Let $C$ be a finitely generated $R$-algebra where $R$ is unital commutative ring. Let $S$ be a simple $C$-module. Show that the annihilator of $S$ in $R$ is a maximal ideal.
What I have tried is: When $C=R$ then it is a direct consequence of the simplicity of $S$ as an $R$-module.
Further, since $S$ is simple then $S$ is cyclic (i.e. $S=Cy$ for nonzero $y\in S$). Consider the map $$f: C \to S$$ $$c \mapsto cy$$
Then $\ker(f)$ is the annihilator of $S$ in $C$ and $\ker(f) \cap R$ is the annihilator of $S$ in $R$. I have shown that it is an ideal of $R$ but I have no idea to continue showing the maximality. Is it a true direction or is there anything else I should consider to show the maximality?
Best Answer
I got an idea : If we restrict the map $f: C \to S$ on $R$. Then we have an isomorphism between $f(R)=Ry$ and the quotient $R/(\ker(f) \cap R)$, where $\ker(f) \cap R$ is the annihilator of $S$ in $R$.

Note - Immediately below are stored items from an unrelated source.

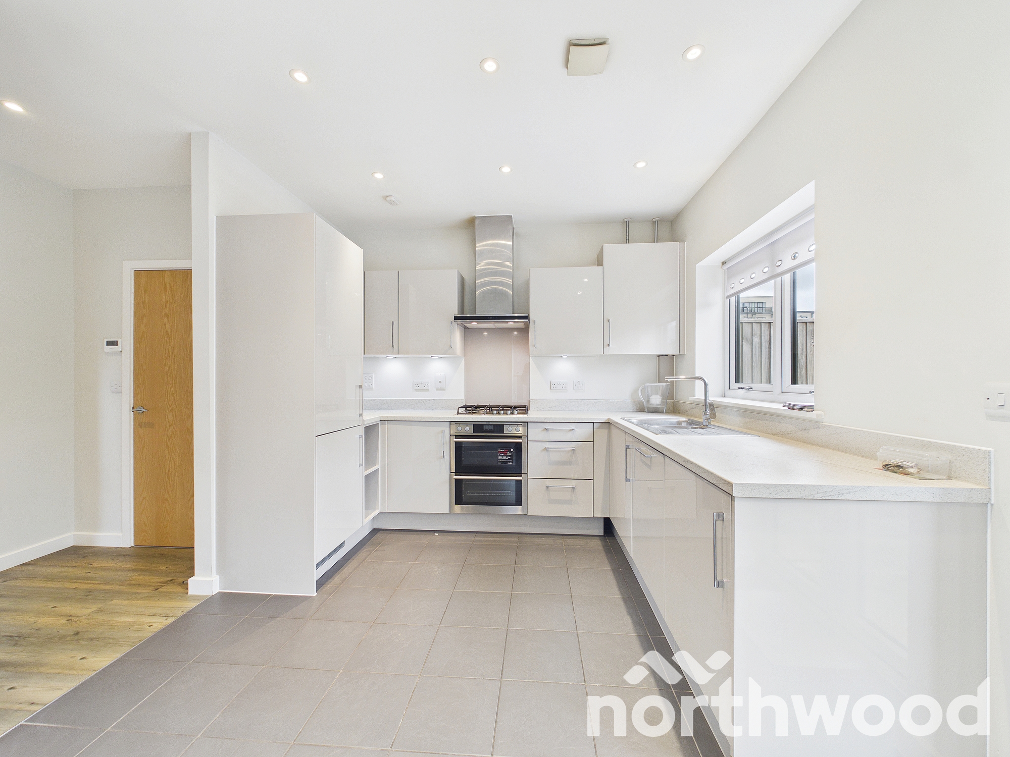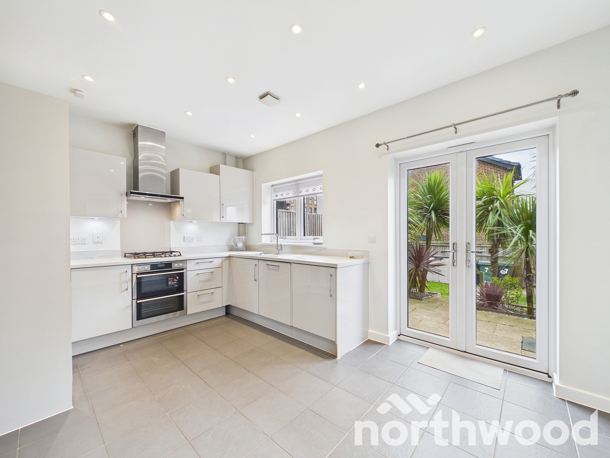 The kitchen/diner is a standout feature of the home bright, contemporary, and designed for both practicality and style. Sleek gloss cabinetry, generous work surfaces, and fully integrated appliances create a streamlined look, complemented by a gas hob with stainless steel extractor. Elecric oven, dishwasher and washing machine. French doors open directly onto the rear terrace, creating a seamless indoor outdoor flow and filling the room with natural light.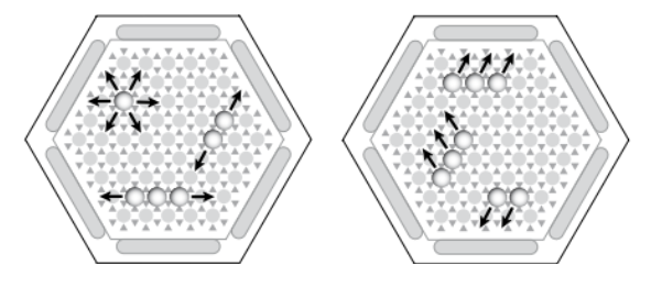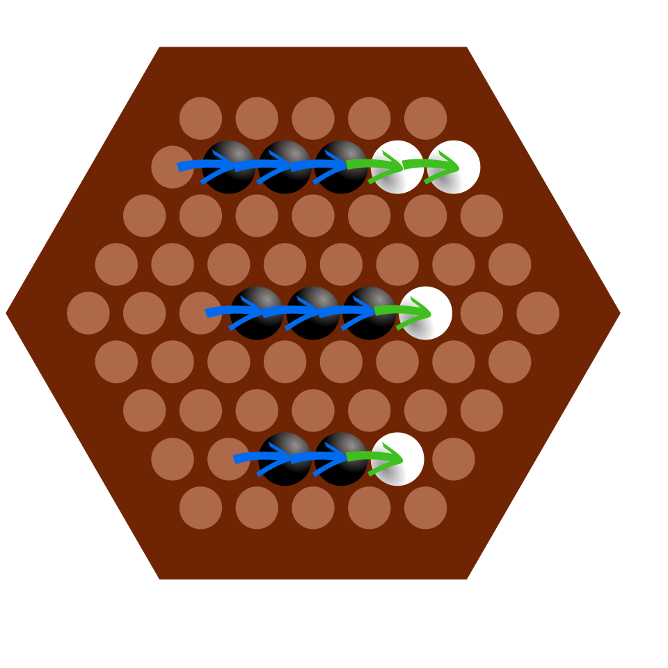 Es gibt noch eine Besonderheit beim Ausführen eines Zuges, nämlich das Schlagen eines anderen Spielers, das so genannte Sumito. Wenn ein Spieler beim ausführen eines Zuges in der Überzahl, also mehr Kugeln in eine Richtung bewegt, als Kugeln vom Gegner im Weg stehen, kann der Spieler die gegnerischen Kugeln schieben (Abb. 3). Ziel ist es als ersten sechs Kugeln des Gegner vom Feld zu schieben, um das Spiel zu gewinnen.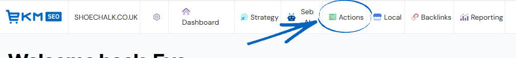 The pages under this tab are the ones you will probably use the most on EKM AI. Your Actions is the list of tasks that need to be completed regularly to maintain your SEO strategy. Here you can access: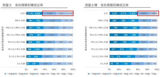 測量士は直近10年間で約2割減少しており、年齢層は50歳以上が6割超を占め、30~40歳台の減少が顕著となっています。一方、測量士補は微減傾向であるものの、全体として測量士に比べ安定傾向にあり、年齢層も50代以上は4割程度となっています。また、測量士・測量士補ともに従業員数の少ない小規模企業であるほど50代以上の高齢資格者への依存度が高い傾向にあり、中小企業を中心に高齢化が進行しています。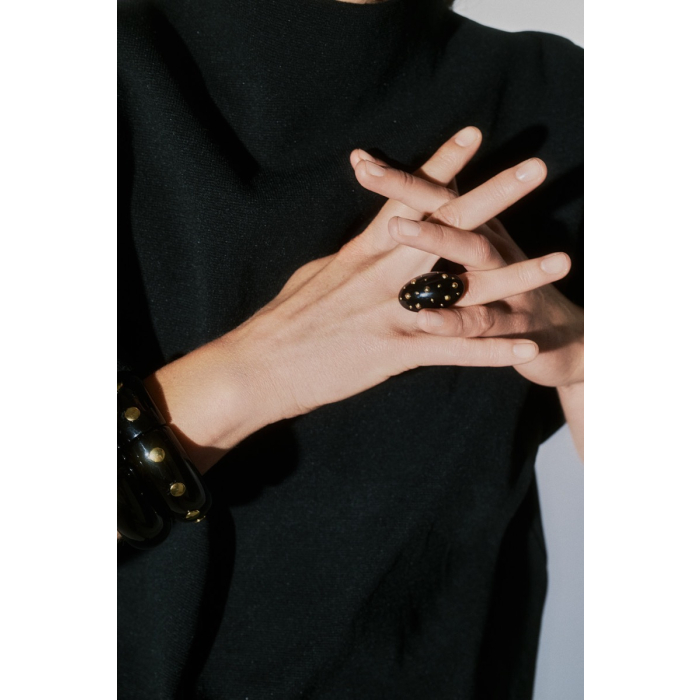 Zwarte ring met gouden studs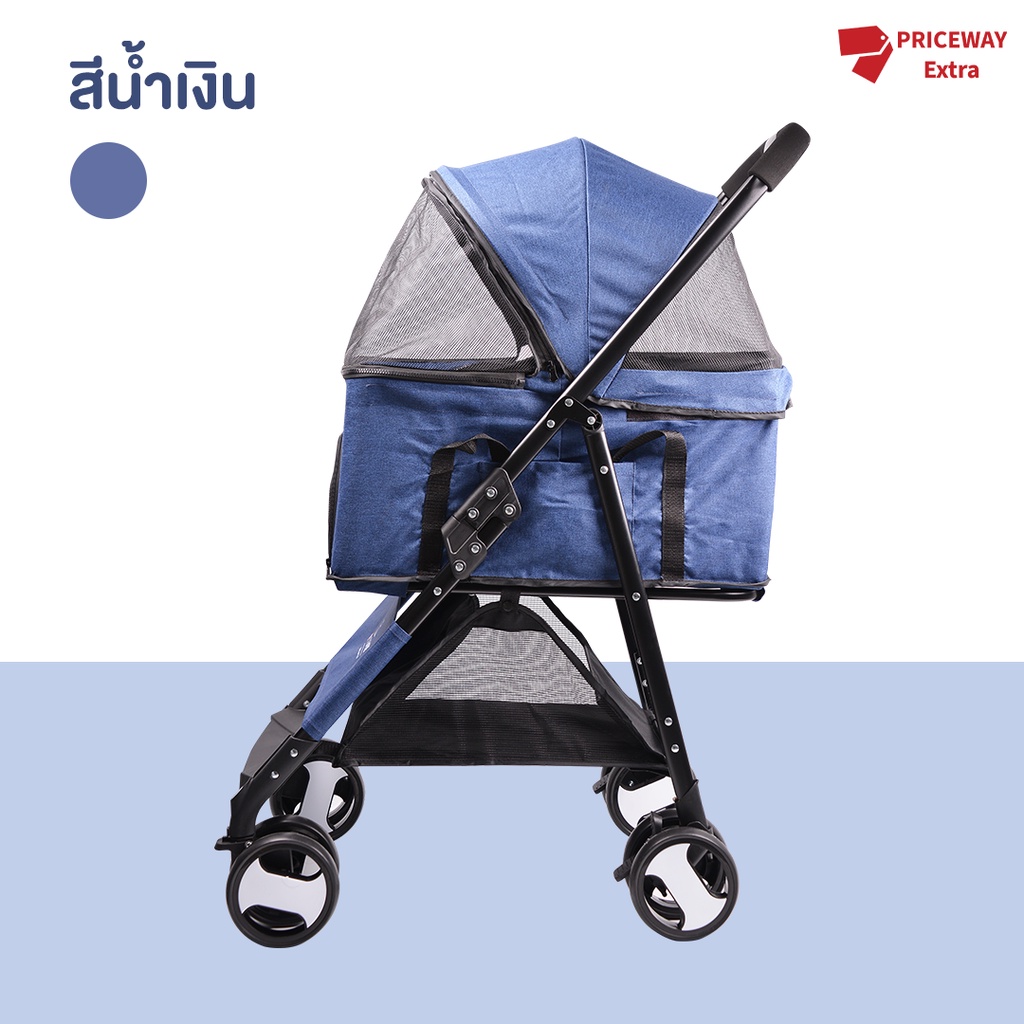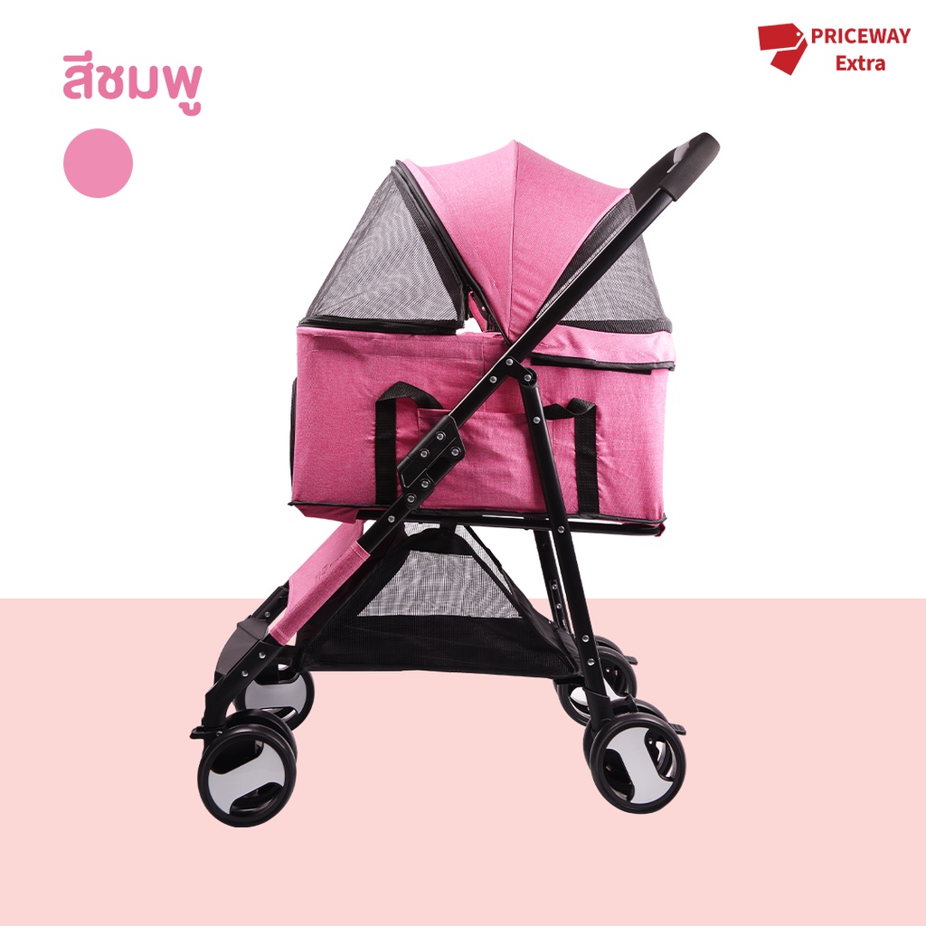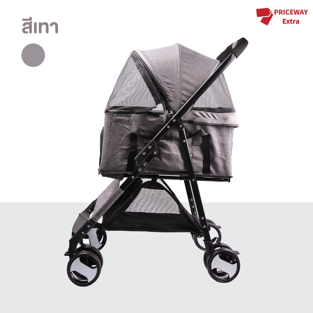 รถเข็นสัตว์เลี้ยง พับได้ ถอดเป็นคาร์ซีท สำหรับสุนัข แมว ขนาดใหญ่ รับน้ำหนัก 25kg ระบายอากาศดี 🐶🐱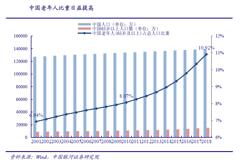 同樣在工業(yè)快速發(fā)展的同時(shí),中國(guó)也面臨著人口結(jié)構(gòu)的變化,近年老年人口比重持續(xù)上升。2000-2010 年人口老齡化已經(jīng)成為中國(guó)人口的主要發(fā)展趨勢(shì),2001 年中國(guó)總?cè)丝跀?shù) 12.72億,65 歲以上人口數(shù) 0.88 億,老年人占比 6.94%,2010 年中國(guó)總?cè)丝跀?shù) 13.38 億,65 歲以上人口數(shù) 1.08 億,老年人占比 8.07%,按照 65 歲及以上老年人口超過 7%為可稱為老年型人口的國(guó)際標(biāo)準(zhǔn),中國(guó)已經(jīng)步入老年型社會(huì),老齡化問題逐步凸顯。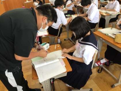 中央の写真は、理科の化学反応の問題に挑戦しているところです。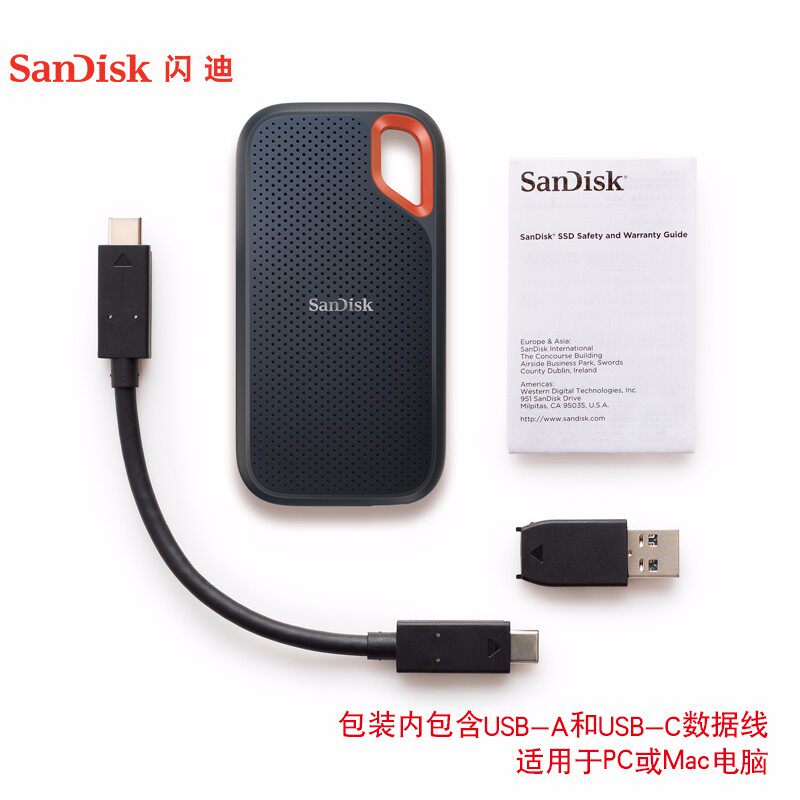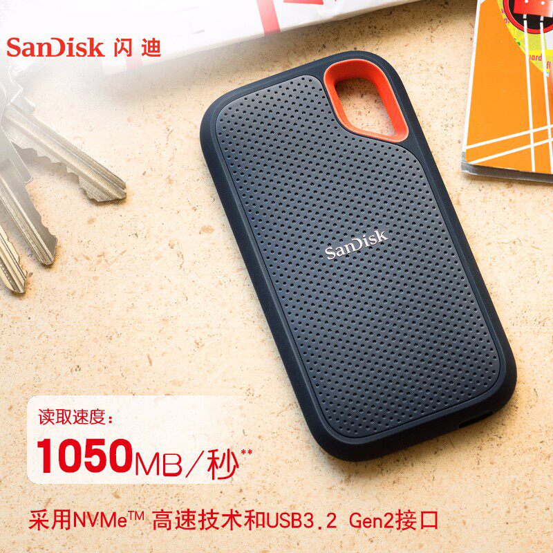 闪迪E61固态移动硬盘2t三防便携ssd外接1tb大容量手机电脑两用
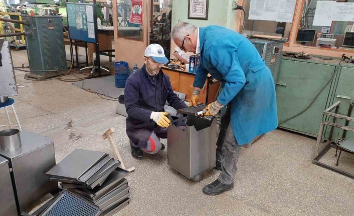 Eskişehir Turgut Reis Mesleki ve Teknik Anadolu Lisesi atölyelerinde deprem bölgesine gönderilmek üzere çadır sobası üretimine başlandı.
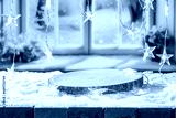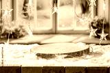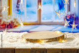 Window sill background and Christmas tree decoration, Happy New Year party , pedestal card, empty space and pattern, family home interior, celebration time in cold december night.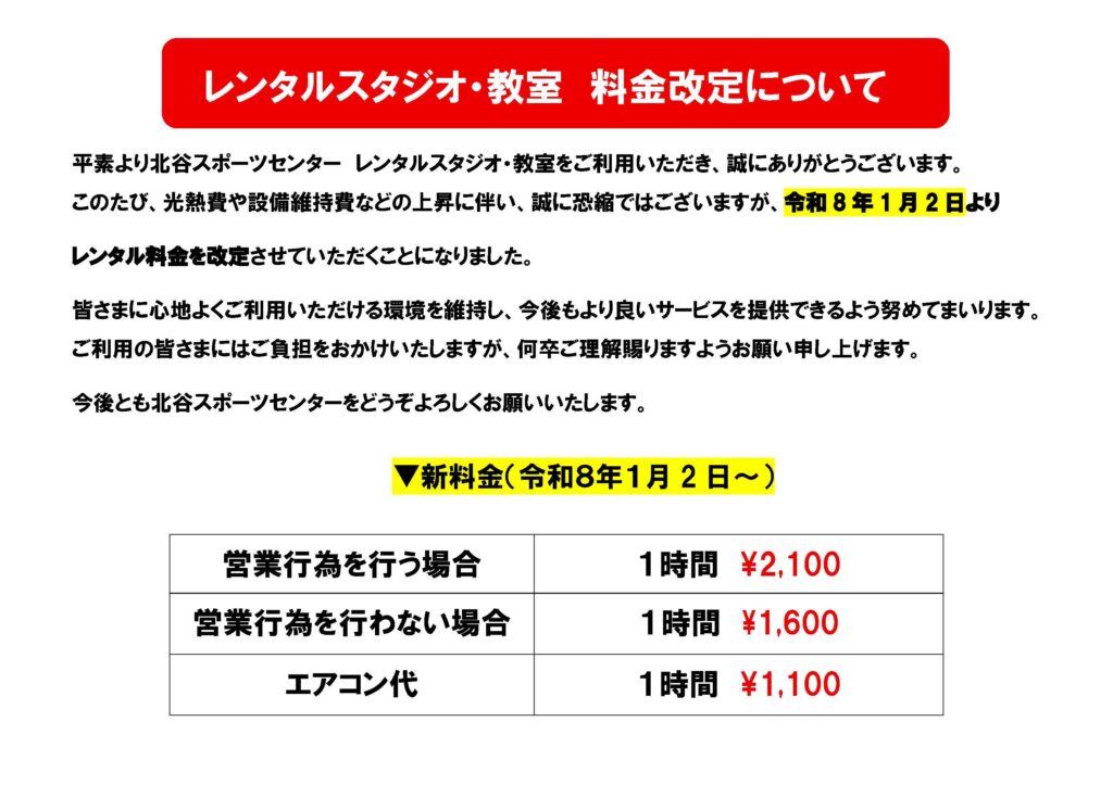 レンタルスペース料金改定について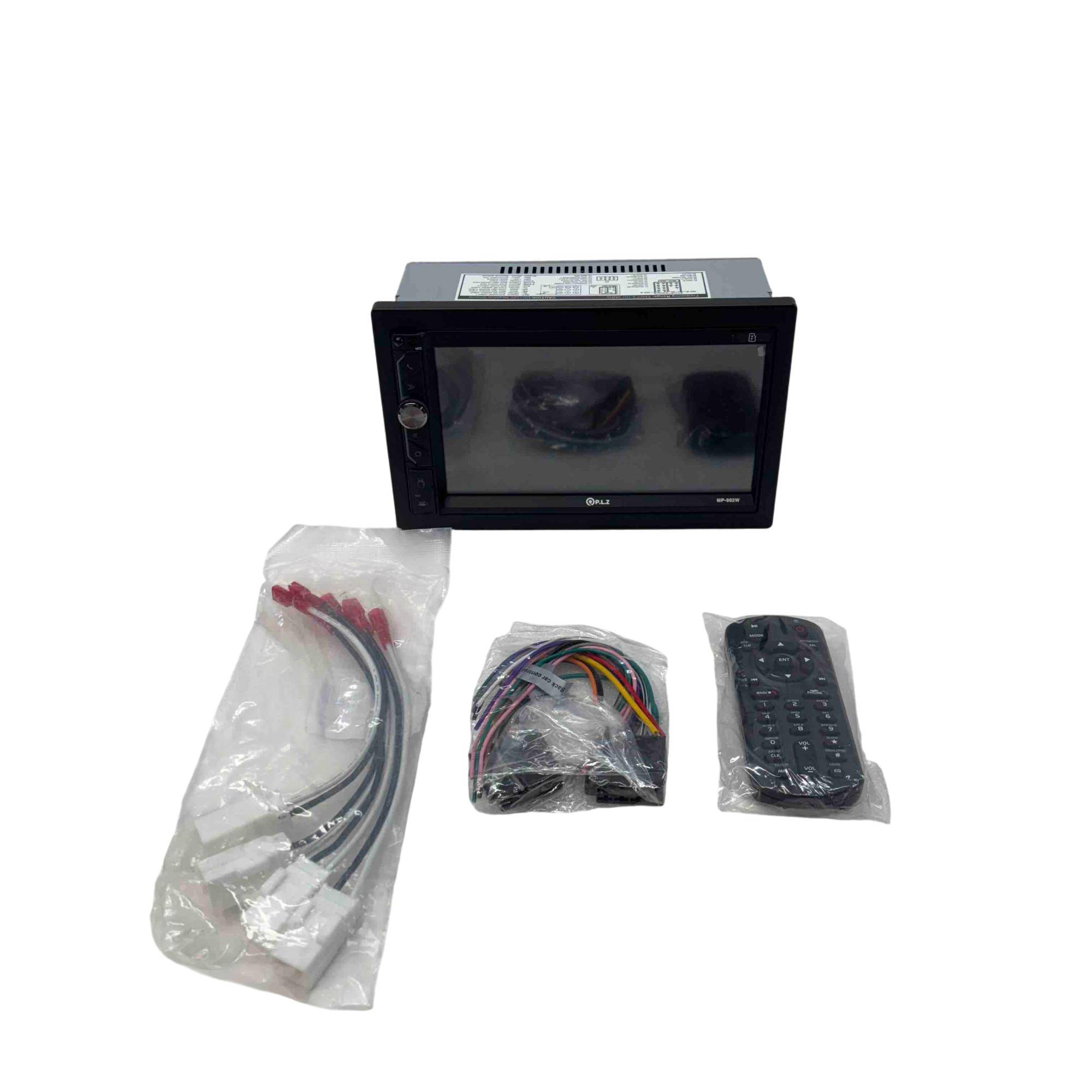 Upgrade your drive with the P.L.Z MP-902W double din car stereo system featuring a sleek touchscreen display and intuitive controls. This versatile multimedia receiver supports Bluetooth connectivity, hands-free calling, and seamless audio streaming, making every journey enjoyable. Complete with a wiring harness, connectors, and remote control, its the perfect solution for modernizing your vehicles entertainment system.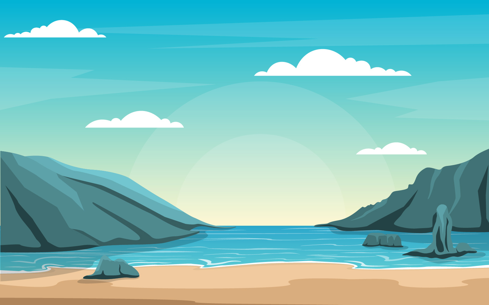 Download Иллюстрация "Sea Panorama Beach Coast Bay Ocean - Illustration" / Sea Panorama Beach Coast Bay Ocean - Illustration - Иллюстрация на тему графика beautiful,sea,panorama,beach,coast,bay,ocean,landscape,illustration,vector,design,poster,background,vacation,tour,travel,rock,scenery,cartoon,rocky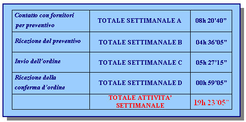 B- Ricezione dei preventivi. Una volta ricevuti i preventivi desiderati, questi vengono registrati - in modo da tenere aggiornato l'archivio di dati - e confrontati con i preventivi precedenti e/o con preventivi di fornitori concorrenti. Questo non succede sempre per tutti gli articoli; generalmente per i prodotti già acquistati altre volte ci si affida ai soliti fornitori, a meno che non si notino - nelle verifiche con preventivi precedenti - mutazioni negative nelle condizioni di acquisto, nel qual caso ci si rivolge a nuovi fornitori, che possono offrire condizioni migliori. Il risultato è che a fronte di circa 10 preventivi giornalieri, circa 7 sono gli ordini effettivamente richiesti. Questo tipo di operazioni necessitano circa 04h 36'05" settimanali.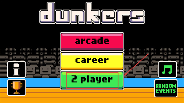 1、進入【dunkers】主界面后,可選擇【2-player】模式與好友對戰(zhàn),也可通過【career】模式推進劇情。

So to show $R/(\ker(f) \cap R)$ is maximal, it is enough to show that $Ry$ is simple as an $R$-module. Let $ry \in Ry$ be a nonzero element. Then clearly $Ry$ contains $\langle ry \rangle$ as $R$-modules. Conversely, since $ry \in Ry \subset S$ is nonzero, $\langle ry \rangle = S \supset Ry$. So $Ry = \langle ry \rangle$ for any nonzero $ry \in Ry$. Hnece $Ry$ is simple and $R/(\ker(f) \cap R)$ is maximal.
Please let me know if there is ambiguity in my answer.